Plt Kepala Dinas Dikbud Kabupaten Tegal Winarto, SE., MM., menjelaskan bahwa penanganan ini terbagi menjadi solusi jangka pendek dan jangka panjang.
Solusi Jangka Pendek: Relokasi KBM Sementara
Untuk memastikan siswa tetap bisa belajar, Dinas Dikbud telah mengalihkan lokasi KBM ke tempat ibadah dan madrasah terdekat.
- Siswa SDN 01 Padasari: Sebanyak 220 siswa sementara waktu menempati MDTA Al Khoeriyah Padasari yang lokasinya lebih strategis di dekat jalan raya.
- Siswa SDN 02 Padasari: Sekitar 50 siswa dialihkan ke Madrasah Lebakpan, karena bangunan sekolah mereka saat ini digunakan sebagai tempat pengungsian warga terdampak.
- KB Al Muda Padasari: Untuk Kelompok Bermain yang juga terdampak, KBM dipusatkan di Masjid Al Barkah Padasari.

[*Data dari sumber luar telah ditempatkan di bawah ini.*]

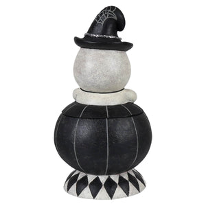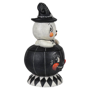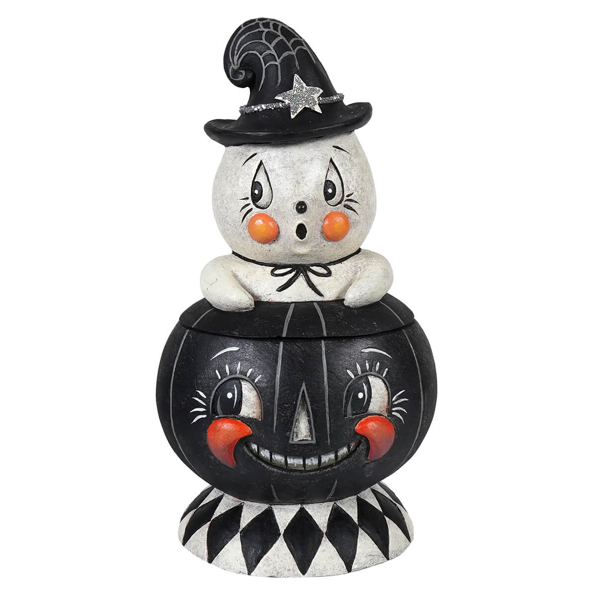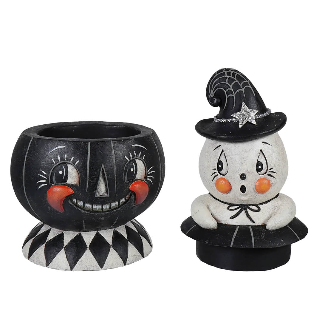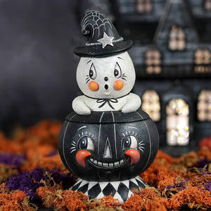 Peek-a-BOO! The Incognito Gus & Tito Container by Johanna Parker for Bethany Lowe Designs is a delightful game of hide-and-eek! At first glance, you’ll see a mischievous black jack-o’-lantern named Gus, grinning from ear to ear. But lift the lid, and surprise you see Tito, the sneaky little ghost in disguise, donning a classic witch hat as he peeks out from his pumpkin hideaway.

"Kami sudah melaporkan hal ini kepada Bupati Tegal. Untuk jangka pendek, prioritas kami adalah siswa tetap bisa sekolah meski di lokasi darurat," ujar Winarto, Senin 9 Februari 2026.
BACA JUGA: Zona Merah Tanah Bergerak Padasari: Rumah Warga Miring dan Retak, Relawan Fokus Amankan Aset
BACA JUGA: Pasca Bencana Padasari Tegal, Dinas Dikbud Jamin Pendidikan Anak Tetap Berjalan
Dampak Psikologis dan Perpindahan Siswa
Winarto juga mengungkapkan bahwa pasca-insiden tanah bergerak, tercatat ada 4 siswa yang memilih keluar dari sekolah karena mengikuti orang tua pindah ke luar daerah.

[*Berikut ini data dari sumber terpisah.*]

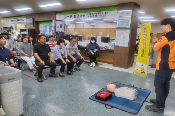 이번 교육은 민원인들과 가장 많이 대면하는 민원실에서 응급상황에 처했을 때 신속한 심폐소생술을 통해 민원인들의 생명을 보호하고 직원들의 대처 능력을 키우고자 마련됐다.

"Terdapat 2 siswa yang pindah ke Jakarta dan 2 siswa lainnya ke Surabaya," tambahnya.
Solusi Jangka Panjang: Rencana Regrouping
Sebagai langkah permanen untuk mengatasi kerusakan gedung SDN 01 Padasari, Dinas Dikbud akan menempuh langkah regrouping atau penggabungan sekolah.

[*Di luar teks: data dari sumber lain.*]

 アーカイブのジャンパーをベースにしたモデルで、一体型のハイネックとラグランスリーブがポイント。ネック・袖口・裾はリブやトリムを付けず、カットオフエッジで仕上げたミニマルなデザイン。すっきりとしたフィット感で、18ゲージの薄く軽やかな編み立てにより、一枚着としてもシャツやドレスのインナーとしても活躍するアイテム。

"Rencana jangka panjangnya adalah menggabungkan SDN 01 Padasari dengan SDN 02 Padasari yang jumlah siswanya lebih sedikit. Langkah ini sudah didukung dengan SK Bupati Tegal mengenai keadaan darurat," tegas Winarto.
BACA JUGA: Ketua DPRD Kabupaten Tegal Berikan Bantuan Pada Pengungsi di Padasari
Langkah regrouping ini diharapkan menjadi solusi tuntas terkait relokasi lahan sekolah yang sudah tidak layak pakai akibat pergeseran tanah, sekaligus efisiensi manajemen sekolah di masa depan.